Par ailleurs, en tant que rapporteur des crédits de la recherche, je sais très bien quelle a été l'importance des FCPI pour l'innovation. Or une dérogation du même type que celle qu'il nous est proposé d'instaurer aujourd'hui n'avait pas été prévue lors du lancement de ce dispositif. Il convient donc de ne pas adresser un signal négatif aux gestionnaires de FCPI, qui rencontrent actuellement des difficultés pour tenir les délais qui leur ont été fixés. Une coordination entre les différents ministères concernés aurait été à mon sens souhaitable avant que l'on nous propose d'instituer une dérogation au profit des FIP, qui n'existent pas encore.

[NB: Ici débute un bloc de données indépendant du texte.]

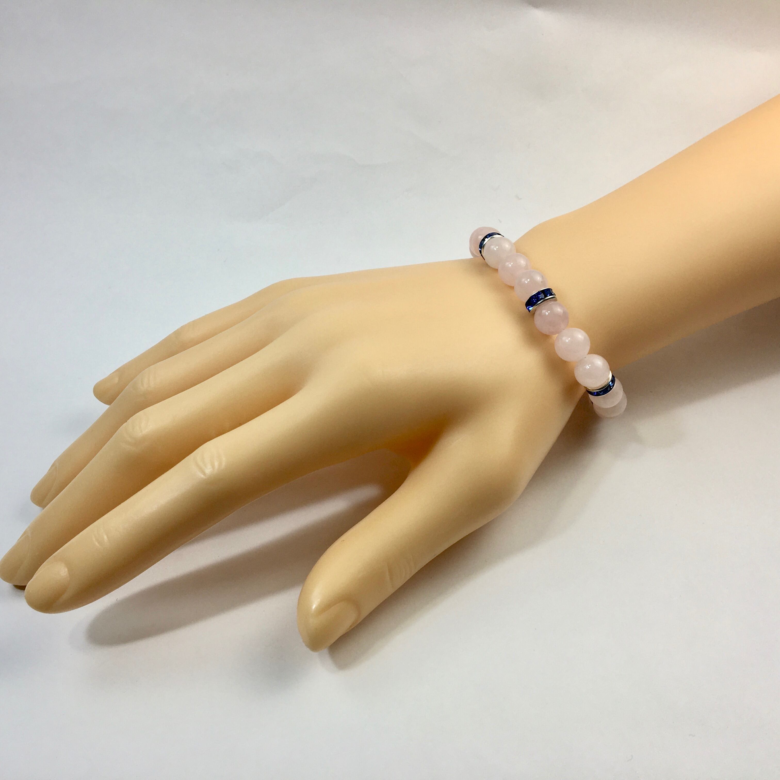 こちらは、8mm玉のローズクォーツを使ったパワーストーンブレスレットです。シンプルなデザインでどんなコーディネートにも合わせやすいデザインに仕上げています。サイズは内周約15cmです。気になる方は是非この機会にどうぞ。

M. le président. La parole est à M. le secrétaire d'Etat.

M. Renaud Dutreil, secrétaire d'Etat, J'indiquerai tout d'abord que comparaison n'est pas raison. Si l'on souhaite comparer les FIP aux FCPI, il convient de rappeler que ces derniers ont été instaurés en 1997, soit à une période extrêmement favorable pour ce type d'investissements. Tel n'est pas forcément le cas à l'heure actuelle !

Il faut donc avoir bien conscience du fait que la conjoncture a changé.

Par ailleurs, les FIP sont des outils régionaux, concernant des territoires où l'on ne connaît pas ce type de capital-investissement. Le contexte est donc tout à fait différent, lui aussi.

Enfin, je comprends bien le souhait de M. le rapporteur de voir l'argent collecté être immédiatement injecté dans l'économie locale, en vue de produire rapidement des effets. Je partage son impatience et j'aimerais moi aussi que les fonds recueillis soient immédiatement investis pour créer des emplois et de la richesse. Toutefois, à faire peser un trop grand nombre de contraintes sur la gestion des fonds d'investissement de proximité, nous risquons de créer l'effet inverse de celui que souhaite M. Trégouët, c'est-à-dire de susciter une certaine réticence des équipes à s'engager dans celle-ci. En effet, ces équipes de gestion, qui connaissent bien les réseaux territoriaux de PME, pourraient douter de la possibilité d'investir dans le délai très court de deux ans l'intégralité des fonds.

Par conséquent, le Gouvernement considère qu'il convient de réunir toutes les conditions pour que le dispositif des FIP fonctionne bien et paraisse attrayant pour les sociétés de gestion. Le pire serait de mettre en place un outil et de le priver de son efficacité sous prétexte de vouloir réaliser une récolte rapide, en coupant, en quelque sorte, le blé en herbe.

M. le président. Je mets aux voix l'amendement n° 10.

(L'amendement est adopté.)

M. le président. Je mets aux voix l'article 13, modifié.